Удостаивается стать гражданином небесного Иерусалима всякий человек, с одним только условием: если он действительно его алчет и жаждет. Может быть, к этому, более чем к чему бы то ни было, относятся слова евангельские: «ищущий обретает». Ищущий Небесного Иерусалима — находит его, не ищущий — не находит. Серьезность искания и его напряженность свидетельствуется всей земной жизнью человека. Тот, кто живет здесь земными предпочтениями, Небесного Иерусали ма и не ищет. И дороги туда не знает, и ни у кого не спрашивает: «Как пройти в Небесный Иерусалим?» А тот, кто ищет, тот и спрашивает, и находит, и дорога его ведет туда. И становится он его гражданином.
День последнего входа Господа в Иерусалим есть день великого торжества. Что же это за торжество, обнимающее собою все прежние торжества недель Великого Поста? Что за торжество, по которому Иисус награждается такой величайшей встречей, когда со всех сторон слышны крики: «Осанна! Спасение! Благословен грядущий во имя Господне!» Что это за торжество, куда идет Спаситель, что за путь держит?
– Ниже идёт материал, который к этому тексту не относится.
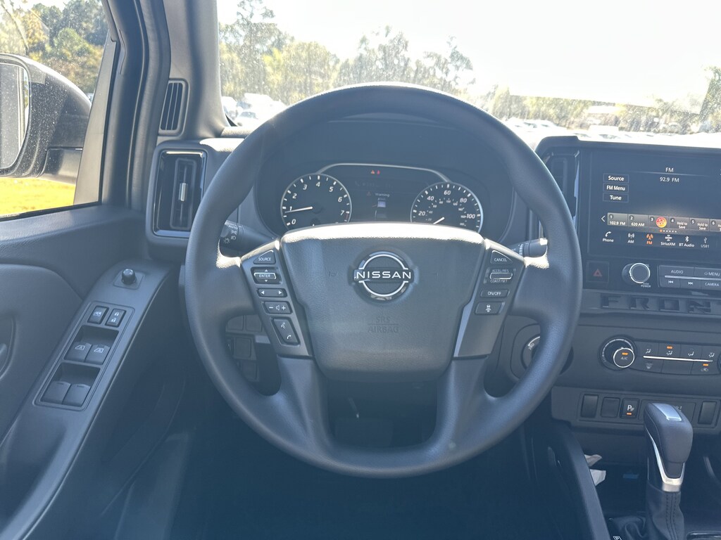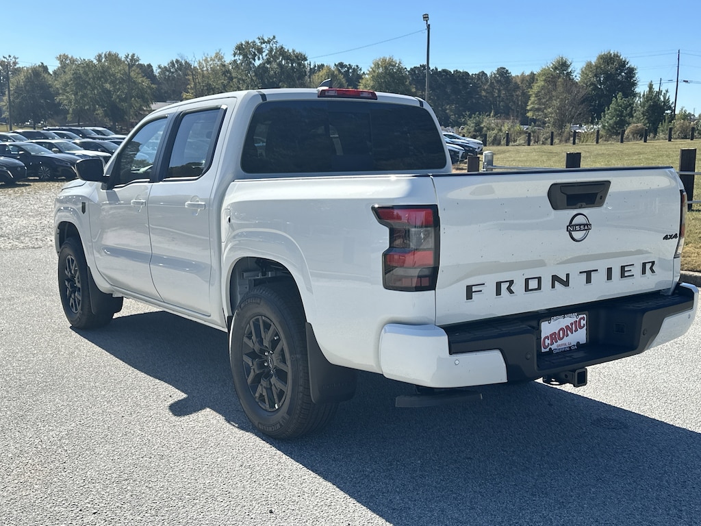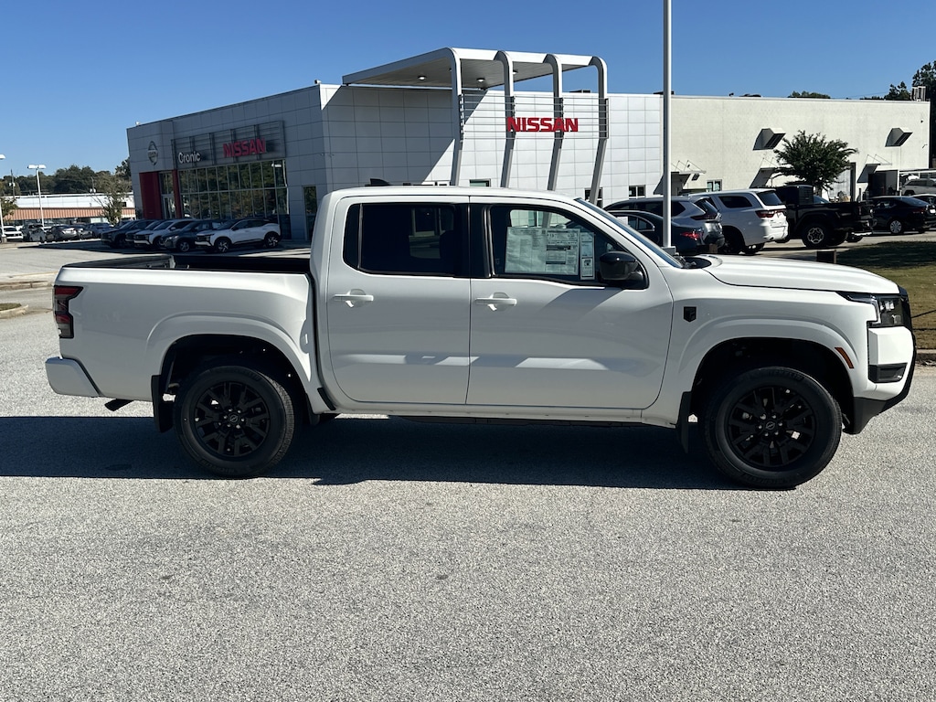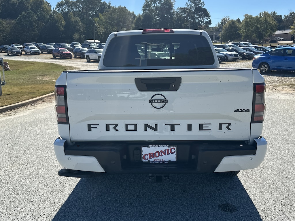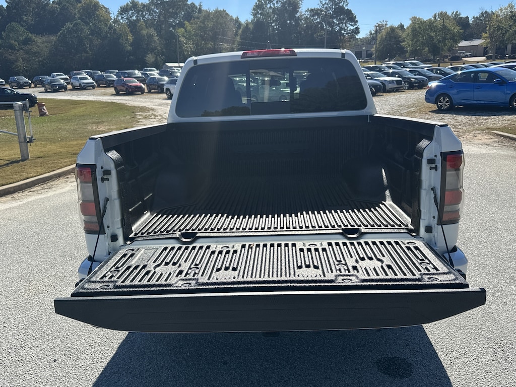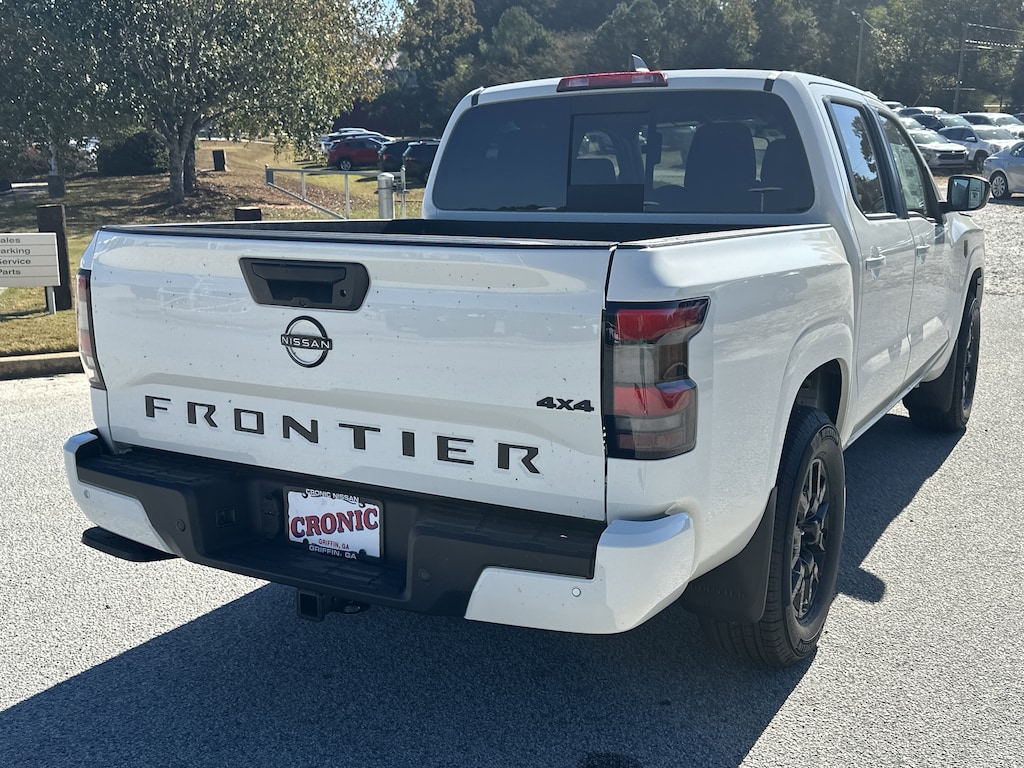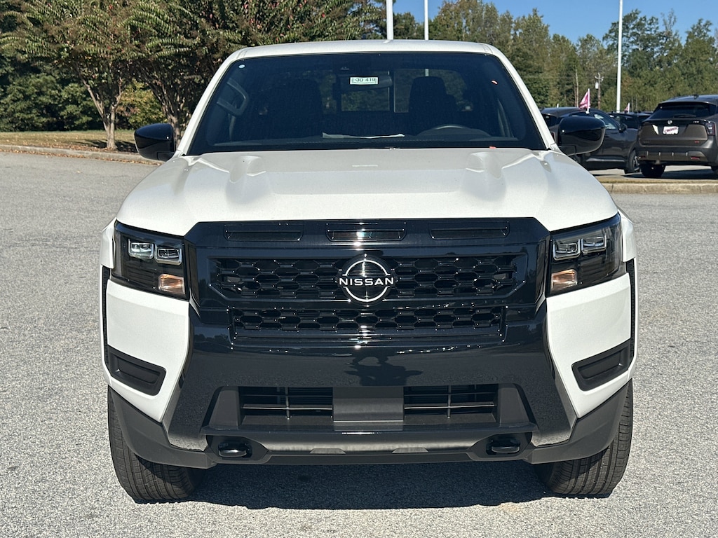 4WD, 17" Alloy Wheels, 3.692 Axle Ratio, 4-Wheel Disc Brakes, 6 Speakers, ABS brakes, Air Conditioning, Alloy wheels, AM/FM radio: SiriusXM, Anti-whiplash front head restraints, Auto High-beam Headlights, Black Tailgate Logo Insert, Blind Spot Warning, Brake assist, Bumpers: body-color, Carpeted Floor Mats, Dark Armor Package, Dark FRONTIER Tailgate Lettering, Dark Grill Surround/Mesh/Inner Fascia, Dark Mirror Caps, Delay-off headlights, Driver door bin, Driver vanity mirror, Drop-In Bed Liner & Bumper Step, Dual front impact airbags, Dual front side impact airbags, Electronic Stability Control, Emergency communication system, Front anti-roll bar, Front Bucket Seats, Front Center Armrest, Front reading lights, Front wheel independent suspension, Fully automatic headlights, Illuminated entry, Knee airbag, Low tire pressure warning, Occupant sensing airbag, Overhead airbag, Overhead console, Panic alarm, Passenger door bin, Passenger vanity mirror, Power door mirrors, Power driver seat, Power steering, Power windows, Premium Cloth Seat Trim, Radio data system, Radio: SXM/AM/FM/AUX/USB Audio System, Rear anti-roll bar, Rear seat center armrest, Rear side impact airbag, Rear step bumper, Remote Engine Start, Remote keyless entry, Security system, Speed control, Speed-sensing steering, Splash Guards, Split folding rear seat, Steering wheel mounted audio controls, Tachometer, Telescoping steering wheel, Tilt steering wheel, Tow Package, Tow/Haul Mode Switch, Traction control, Trip computer, Variably intermittent wipers, Voltmeter, Wheels: 17" Dark, Wireless Apple CarPlay/Wireless Android Auto, 4WD. New vehicle price includes all manufacturer and dealer incentives. Must finance with NMAC at standard rates to receive displayed price. Cash price may vary depending on NMAC and Dealer incentives. Not everyone qualifies for NMAC financing. Price in lieu of any special APR incentives cannot be combined with other offers unless specifically disclosed by the dealer. Prices do not include tax, tag, title or Georgia Lemon Law fees. Displayed prices include dealer doc fee and electronic filing fee. All pre-owned vehicles may also be subject to additional reconditioning and certification fees. Glacier White 2026 Nissan Frontier SV 4WD 3.8L DI DOHC 24V V6 9-Speed Automatic with Overdrive

Это начало пути на Голгофу, и встречают Его как Царя, как Спасителя и Освободителя, который идет в царство, открываемое Голгофой, царство, которого Он был и Царем, и Служителем всегда, а сейчас, здесь, при этом входе — особенно.
Таким образом, все торжество православного переживания жизни, наконец, концентрируется в двух словах: торжество служения. Если говорить о Христе — это торжество Царского служения, но заметим, что так можно сказать не только о Христе, потому что апостол Петр, говоря обо всех, уверовавших во Христа, утверждает, что все (и мы, значит, тоже) входят в состав царского священства. Каждый христианин — царь и священник. Все мы совершаем служение царского священства, если хоть сколько-нибудь «царское священство» не становится для нас просто великолепным, но отвлеченным образом.
Подлинный смысл слова «служение» теперь почти не улавливается. Это слово в своем первоначальном значении содержит в себе не только унизительный оттенок, но и унижающую сущность. Кто такой служащий, слуга? Это социально низший работник, который вынужден служить высшим. Слуга в доме — это тот, кто исполняет повеления своих господ. И никакого другого значения это слово прежде никогда не имело.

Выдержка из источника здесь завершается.